Segment Start: Source records

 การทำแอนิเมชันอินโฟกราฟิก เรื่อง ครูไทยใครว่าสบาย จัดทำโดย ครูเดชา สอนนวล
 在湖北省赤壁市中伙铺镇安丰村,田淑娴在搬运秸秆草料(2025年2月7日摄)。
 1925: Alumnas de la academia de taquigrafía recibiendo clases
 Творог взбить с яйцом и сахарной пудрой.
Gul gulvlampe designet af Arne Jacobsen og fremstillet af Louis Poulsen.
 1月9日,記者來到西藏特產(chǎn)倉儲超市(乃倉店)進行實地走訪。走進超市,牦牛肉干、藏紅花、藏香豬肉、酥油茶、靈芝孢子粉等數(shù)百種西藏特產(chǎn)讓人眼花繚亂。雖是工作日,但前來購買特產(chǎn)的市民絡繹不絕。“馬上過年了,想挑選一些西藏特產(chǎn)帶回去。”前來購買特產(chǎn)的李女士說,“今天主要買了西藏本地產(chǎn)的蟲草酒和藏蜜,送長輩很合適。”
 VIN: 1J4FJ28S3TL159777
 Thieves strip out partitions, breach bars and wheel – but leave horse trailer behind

Segment End: Source records
Segment Start: Source records

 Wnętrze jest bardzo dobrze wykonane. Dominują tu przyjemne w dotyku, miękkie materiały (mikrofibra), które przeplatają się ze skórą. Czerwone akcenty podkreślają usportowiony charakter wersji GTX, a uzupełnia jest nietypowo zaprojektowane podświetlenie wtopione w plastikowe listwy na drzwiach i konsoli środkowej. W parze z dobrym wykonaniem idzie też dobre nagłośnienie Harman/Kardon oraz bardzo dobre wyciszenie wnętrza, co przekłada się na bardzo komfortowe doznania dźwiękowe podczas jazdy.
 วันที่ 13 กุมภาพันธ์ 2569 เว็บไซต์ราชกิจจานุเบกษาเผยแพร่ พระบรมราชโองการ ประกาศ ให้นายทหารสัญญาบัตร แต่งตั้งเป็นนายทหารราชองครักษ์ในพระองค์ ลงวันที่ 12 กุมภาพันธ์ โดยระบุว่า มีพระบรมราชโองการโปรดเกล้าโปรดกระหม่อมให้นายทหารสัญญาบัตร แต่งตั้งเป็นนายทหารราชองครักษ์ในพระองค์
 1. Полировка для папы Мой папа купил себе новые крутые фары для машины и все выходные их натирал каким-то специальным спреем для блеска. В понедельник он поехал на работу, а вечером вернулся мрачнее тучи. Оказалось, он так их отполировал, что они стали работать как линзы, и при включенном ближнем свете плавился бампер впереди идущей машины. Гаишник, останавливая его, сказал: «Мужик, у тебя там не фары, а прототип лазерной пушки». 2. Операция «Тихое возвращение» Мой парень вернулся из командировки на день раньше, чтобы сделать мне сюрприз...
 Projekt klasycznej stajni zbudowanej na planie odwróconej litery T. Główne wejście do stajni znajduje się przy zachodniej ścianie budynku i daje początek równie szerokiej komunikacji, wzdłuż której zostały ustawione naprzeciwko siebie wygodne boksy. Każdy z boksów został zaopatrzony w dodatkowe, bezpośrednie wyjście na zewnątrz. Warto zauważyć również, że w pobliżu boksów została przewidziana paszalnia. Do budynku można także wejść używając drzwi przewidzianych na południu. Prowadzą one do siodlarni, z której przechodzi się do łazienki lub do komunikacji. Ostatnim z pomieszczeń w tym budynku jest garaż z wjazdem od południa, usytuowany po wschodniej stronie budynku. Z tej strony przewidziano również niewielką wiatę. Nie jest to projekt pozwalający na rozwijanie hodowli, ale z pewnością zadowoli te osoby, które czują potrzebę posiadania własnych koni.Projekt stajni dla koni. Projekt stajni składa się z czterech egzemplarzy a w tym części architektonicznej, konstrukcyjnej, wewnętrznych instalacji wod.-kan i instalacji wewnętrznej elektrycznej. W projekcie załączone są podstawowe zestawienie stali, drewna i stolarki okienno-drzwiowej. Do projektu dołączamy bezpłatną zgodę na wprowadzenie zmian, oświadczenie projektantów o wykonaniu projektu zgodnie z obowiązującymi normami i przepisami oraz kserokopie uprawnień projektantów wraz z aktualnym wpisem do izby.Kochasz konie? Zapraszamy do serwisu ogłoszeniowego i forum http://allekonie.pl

Segment End: Source records
Segment Start: Source records

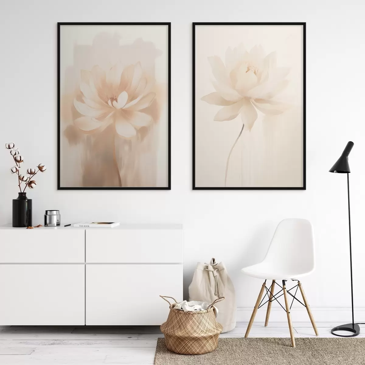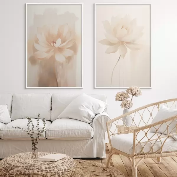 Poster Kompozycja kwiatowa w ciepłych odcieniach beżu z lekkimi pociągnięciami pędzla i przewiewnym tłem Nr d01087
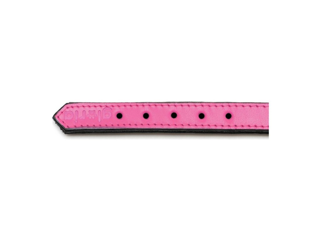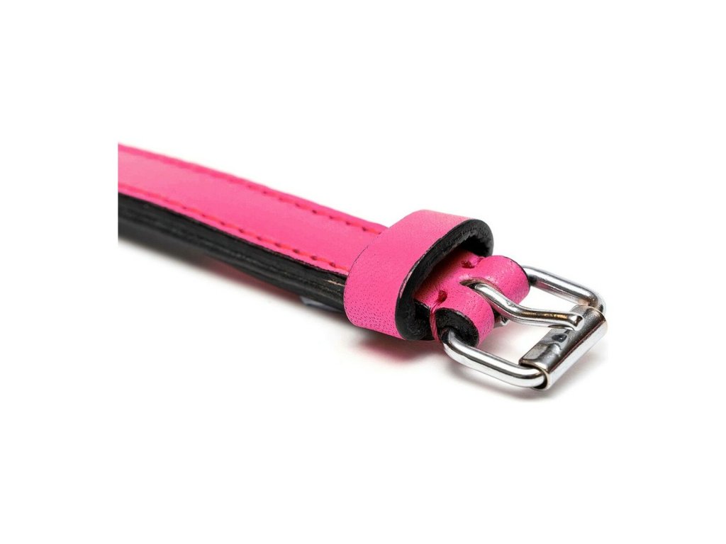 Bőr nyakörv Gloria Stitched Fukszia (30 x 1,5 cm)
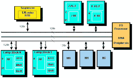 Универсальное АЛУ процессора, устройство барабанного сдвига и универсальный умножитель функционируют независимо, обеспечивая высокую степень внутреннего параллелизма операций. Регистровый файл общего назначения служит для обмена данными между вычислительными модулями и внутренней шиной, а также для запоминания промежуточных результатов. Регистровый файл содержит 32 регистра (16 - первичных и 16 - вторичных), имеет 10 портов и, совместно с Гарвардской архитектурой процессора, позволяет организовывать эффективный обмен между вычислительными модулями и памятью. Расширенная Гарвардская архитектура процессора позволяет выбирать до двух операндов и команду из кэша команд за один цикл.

Segment End: Source records

Set down, exactly as they appear above, all lines from the one that has "VIN: 1J4FJ28S3TL159777" down to the one that has "Thieves strip out", including those two and no others.

> **Your response**:
 VIN: 1J4FJ28S3TL159777
 Thieves strip out partitions, breach bars and wheel – but leave horse trailer behind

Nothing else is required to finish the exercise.